◆ **The data**:
▬▬▬▬▬▬
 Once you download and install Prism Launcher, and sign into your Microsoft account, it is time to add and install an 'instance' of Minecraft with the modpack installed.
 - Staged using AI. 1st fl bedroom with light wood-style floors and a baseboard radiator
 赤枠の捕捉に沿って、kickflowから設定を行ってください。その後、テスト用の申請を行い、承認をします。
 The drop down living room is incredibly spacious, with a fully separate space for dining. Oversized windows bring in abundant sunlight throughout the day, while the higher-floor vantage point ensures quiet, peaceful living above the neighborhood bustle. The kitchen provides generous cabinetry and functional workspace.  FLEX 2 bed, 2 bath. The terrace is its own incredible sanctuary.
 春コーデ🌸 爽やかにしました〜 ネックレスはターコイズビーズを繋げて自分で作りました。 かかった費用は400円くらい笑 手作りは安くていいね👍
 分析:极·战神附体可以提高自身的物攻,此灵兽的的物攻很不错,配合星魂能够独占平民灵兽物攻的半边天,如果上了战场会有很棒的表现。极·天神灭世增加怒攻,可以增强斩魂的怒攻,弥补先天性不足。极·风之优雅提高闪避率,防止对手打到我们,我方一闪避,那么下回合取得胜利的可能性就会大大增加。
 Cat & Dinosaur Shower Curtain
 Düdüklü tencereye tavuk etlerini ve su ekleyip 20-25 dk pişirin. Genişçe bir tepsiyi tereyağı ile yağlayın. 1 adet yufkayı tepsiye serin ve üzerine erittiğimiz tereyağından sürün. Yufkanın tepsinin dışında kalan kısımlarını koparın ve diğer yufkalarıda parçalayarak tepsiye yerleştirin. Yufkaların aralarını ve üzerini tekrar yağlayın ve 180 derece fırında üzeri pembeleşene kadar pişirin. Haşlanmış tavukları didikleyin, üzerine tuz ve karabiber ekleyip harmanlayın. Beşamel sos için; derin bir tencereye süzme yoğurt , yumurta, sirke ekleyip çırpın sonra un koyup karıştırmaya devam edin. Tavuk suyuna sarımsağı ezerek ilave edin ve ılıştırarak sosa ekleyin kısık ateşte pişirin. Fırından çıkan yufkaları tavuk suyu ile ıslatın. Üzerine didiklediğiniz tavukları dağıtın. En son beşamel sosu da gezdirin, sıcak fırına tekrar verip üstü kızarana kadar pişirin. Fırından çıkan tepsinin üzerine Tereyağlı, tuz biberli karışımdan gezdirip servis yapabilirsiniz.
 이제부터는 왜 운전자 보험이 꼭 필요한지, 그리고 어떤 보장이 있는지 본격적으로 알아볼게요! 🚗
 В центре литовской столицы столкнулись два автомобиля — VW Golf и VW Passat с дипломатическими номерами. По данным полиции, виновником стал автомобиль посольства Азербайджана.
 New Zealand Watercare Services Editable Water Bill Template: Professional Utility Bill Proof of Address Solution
▬▬▬▬▬▬
Please give back only the lines starting with the one that contains "이제부터는 왜 운전자" and ending with the last line of the listing, retyped exactly.

◆ **Response to this task**:
 이제부터는 왜 운전자 보험이 꼭 필요한지, 그리고 어떤 보장이 있는지 본격적으로 알아볼게요! 🚗
 В центре литовской столицы столкнулись два автомобиля — VW Golf и VW Passat с дипломатическими номерами. По данным полиции, виновником стал автомобиль посольства Азербайджана.
 New Zealand Watercare Services Editable Water Bill Template: Professional Utility Bill Proof of Address Solution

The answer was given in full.